Hybrid project power-to-x component-level system performance and financial modeling for control and design optimization. GreenHEART currently includes renewable energy, hydrogen, ammonia, and steel. Other elements such as desalination systems, pipelines, compressors, and storage systems can also be included as needed.
For more context about GreenHEART and to see analyses that have been performed using the tool, please see some of these publications. PDFs are available in the linked titles.
The levelized cost of hydrogen is calculated for varying technology costs, and tax credits to explore cost sensitivities independent of plant design, performance, and site selection. Our findings suggest that strategies for cost reduction include selecting sites with abundant wind resources, complementary wind and solar resources, and optimizing the sizing of wind and solar assets to maximize the hybrid plant capacity factor.
Grant, E., et al. "Hybrid power plant design for low-carbon hydrogen in the United States." Journal of Physics: Conference Series. Vol. 2767. No. 8. IOP Publishing, 2024.
Conducting a regional techno-economic analysis at four U.S. coastal sites, the study evaluates two energy transmission configurations and examines associated costs for the years 2025, 2030, and 2035. The results highlight that locations using fixed-bottom technology may achieve cost-competitive water electrolysis hydrogen production by 2030 through leveraging geologic hydrogen storage and federal policy incentives.
Brunik, K., et al. "Potential for large-scale deployment of offshore wind-to-hydrogen systems in the United States." Journal of Physics: Conference Series. Vol. 2767. No. 6. IOP Publishing, 2024.
Modeling results suggest that the levelized cost of storage is highly spatially heterogeneous, with minor impact on the cost of H2 in the Midwest, and potentially significant impact in areas with emerging H2 economies such as Central California and the Southeast. While TOL/MCH may be the cheapest aboveground bulk storage solution evaluated, upfront capital costs, modest energy efficiency, reliance on critical materials, and greenhouse gas emissions from heating remain concerns.
Breunig, Hanna, et al. "Hydrogen Storage Materials Could Meet Requirements for GW-Scale Seasonal Storage and Green Steel." (2024).
King, J. and Hammond, S. "Integrated Modeling, TEA, and Reference Design for Renewable Hydrogen to Green Steel and Ammonia - GreenHEART" (2024).
GreenHEART is available as a PyPi package:
pip install greenheart
Using Git, navigate to a local target directory and clone repository:
git clone https://github.com/NREL/GreenHEART.git
Navigate to GreenHEART
cd GreenHEART
Create a new virtual environment and change to it. Using Conda and naming it 'greenheart':
conda create --name greenheart python=3.9 -y
conda activate greenheart
Install GreenHEART and its dependencies:
conda install -y -c conda-forge coin-or-cbc=2.10.8 glpk
pip install electrolyzer@git+https://github.com/jaredthomas68/electrolyzer.git@smoothing
pip install ProFAST@git+https://github.com/NREL/ProFAST.git
Note if you are on Windows, you will have to manually install Cbc: https://github.com/coin-or/Cbc.

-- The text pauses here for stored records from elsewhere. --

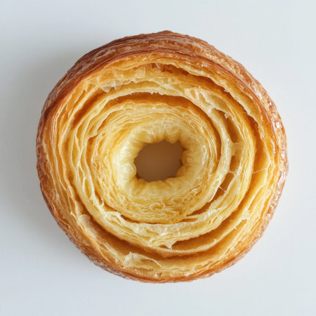 This image showcases a beautifully crafted croissant pastry with intricate spiraled layers and a golden-brown crust, ideal for food lovers and culinary art.
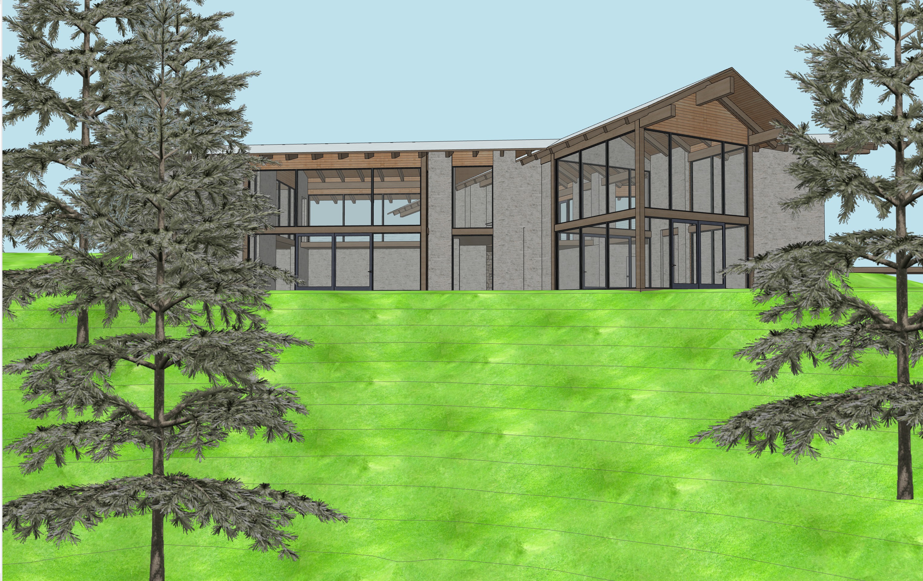 prairie grasses beautiful lighting light colored stone with heavy grout rolling forested hills in background
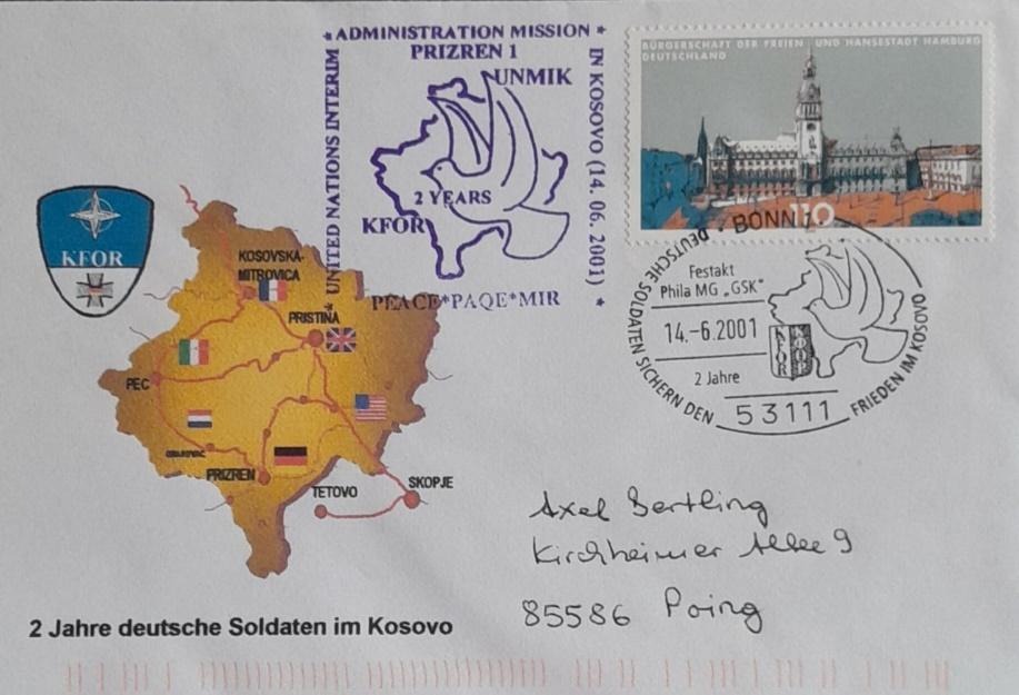 Në këtë kontekst historik merr kuptim zarfi i datës 14 qershor 2001, i përdorur në Bonn të Gjermanisë. Ai shënon dyvjetorin e pranisë së forcave ndërkombëtare në Kosovë dhe pasqyron rolin e Bundeswehr-it brenda KFOR-it. Vula përkujtimore me figurën e pëllumbit të paqes mbi hartën e Kosovës dhe tekstin “Ushtarët gjermanë sigurojnë paqen në Kosovë” përcjell mesazhin e stabilitetit dhe të misionit paqeruajtës.
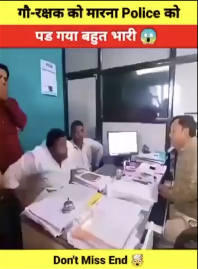 ನಂತರ, ವಿಡಿಯೋದ ಎರಡನೇ ಭಾಗವನ್ನು ಪೊಲೀಸ್ ಅಧಿಕಾರಿಯೊಬ್ಬರು ವ್ಯಕ್ತಿಯೊಬ್ಬರ ಕೂದಲನ್ನು ಹಿಡಿದು ಎಳೆದುಕೊಂಡು ಹೋಗುತ್ತಿರುವುದುನಾವು ಪರಿಶೀಲಿಸಿದಾಗ, ಏಪ್ರಿಲ್ 2025 ರ ಹಲವಾರು ಮಾಧ್ಯಮ ವರದಿಗಳು (ಇಲ್ಲಿ, ಇಲ್ಲಿ ಮತ್ತು ಇಲ್ಲಿ) ವಿಡಿಯೊದ ಸ್ಕ್ರೀನ್ಶಾಟ್ಗಳನ್ನು ಒಳಗೊಂಡಿರುವುದನ್ನು ಕಂಡುಕೊಂಡೆವು. ಈ ವರದಿಗಳ ಪ್ರಕಾರ, ಈ ಘಟನೆಯು ಹರಿಯಾಣದ ಪಾಣಿಪತ್ನಲ್ಲಿ ಪೊಲೀಸ್ ಮತ್ತು ಗೋ ರಕ್ಷಕರ ನಡುವಿನ ಘರ್ಷಣೆಯ ಸಮಯದಲ್ಲಿ ಸಂಭವಿಸಿದೆ. ಎಳೆದುಕೊಂಡು ಹೋಗುತ್ತಿದ್ದ ವ್ಯಕ್ತಿಯ ಹೆಸರು ಕರಣ್, ಮತ್ತು ಅವರು ಗೋ ಕಳ್ಳಸಾಗಣೆದಾರರಿಗೆ ಸೇರಿದ ಎರಡು ವಾಹನಗಳನ್ನು ವಶಪಡಿಸಿಕೊಳ್ಳಲು ಪೊಲೀಸರಿಗೆ ಸಹಾಯ ಮಾಡಿದ್ದ, ಆದರೆ ಪೊಲೀಸರು ಯಾವುದೇ ಕ್ರಮ ಕೈಗೊಳ್ಳದೆ ಅವುಗಳನ್ನು ಬಿಡುಗಡೆ ಮಾಡಿದರು ಎಂದು ಆರೋಪಿಸಿದ್ದರು. ಅವರು ಪ್ರತಿಭಟಿಸಿದಾಗ, ಅವರಿಗೆ ನಿಂದಿಸಿ ಹೊಡೆಯಲಾಯಿತು. ಕರಣ್ ಅವರು ಪಾಣಿಪತ್ನ ಪೊಲೀಸ್ ವರಿಷ್ಠಾಧಿಕಾರಿ ಲೋಕೇಂದ್ರ ಸಿಂಗ್ ಅವರಿಗೆ ದೂರು ನೀಡಿದರು. ನಾಲ್ಕು ಪೊಲೀಸರ ವಿರುದ್ಧ ಕ್ರಮ ತೆಗೆದುಕೊಳ್ಳಲಾಯಿತು: ಇಬ್ಬರನ್ನು ಅಮಾನತುಗೊಳಿಸಲಾಯಿತು, ಒಬ್ಬರನ್ನು ವಜಾಗೊಳಿಸಲಾಯಿತು ಮತ್ತು ನಾಲ್ಕನೆಯವರನ್ನು ಕರ್ತವ್ಯದಿಂದ ತೆಗೆದುಹಾಕಲಾಯಿತು.ಇದು, ವೈರಲ್ ವಿಡಿಯೋವು ಸುಳ್ಳು ಕ್ಲೇಮನ್ನು ಮಾಡಲು ಬಳಸಲಾದ ಸಂಬಂಧವಿಲ್ಲದ ಎರಡು ಘಟನೆಗಳ ಕಾಂಬಿನೇಷನ್ ಎಂಬುದನ್ನು ದೃಢಪಡಿಸುತ್ತದೆ.

If you want to just use GreenHEART:
pip install .
If you want to work with the examples:
pip install ".[examples]"
If you also want development dependencies for running tests and building docs:
pip install -e ".[develop]"
In one step, all dependencies can be installed as:
pip install -e ".[all]"
The functions which download resource data require an NREL API key. Obtain a key from:
To set up the NREL_API_KEY
and NREL_API_EMAIL
required for resource downloads, you can create
Environment Variables called NREL_API_KEY
and NREL_API_EMAIL
. Otherwise, you can keep the key
in a new file called ".env" in the root directory of this project.
Create a file ".env" that contains the single line:
NREL_API_KEY=key
NREL_API_EMAIL=your.name@email.com
Verify setup by running tests:
pytest
To set up NREL_API_KEY
for resource downloads, first refer to section 7 and 8 above. But for
the .env
file method, the file should go in the working directory of your Python project, e.g.
directory from where you run python
.
GreenHEART is set up to run in parallel using MPI and PETSc for finite differencing and for design of experiments runs through OpenMDAO. To use this capability you will need to follow the addtional installation instruction below:
conda install -c conda-forge mpi4py petsc4py
For more details on implementation and installation, reference the documentation for OpenMDAO.
To to check that your installation is working, do the following:
cd tests/greenheart/
mpirun -n 2 pytest test_openmdao_mpi.py
The Examples contain Jupyter notebooks and sample YAML files for common usage scenarios in GreenHEART. These are actively maintained and updated to demonstrate GreenHEART's capabilities. For full details on simulation options and other features, documentation is forthcoming.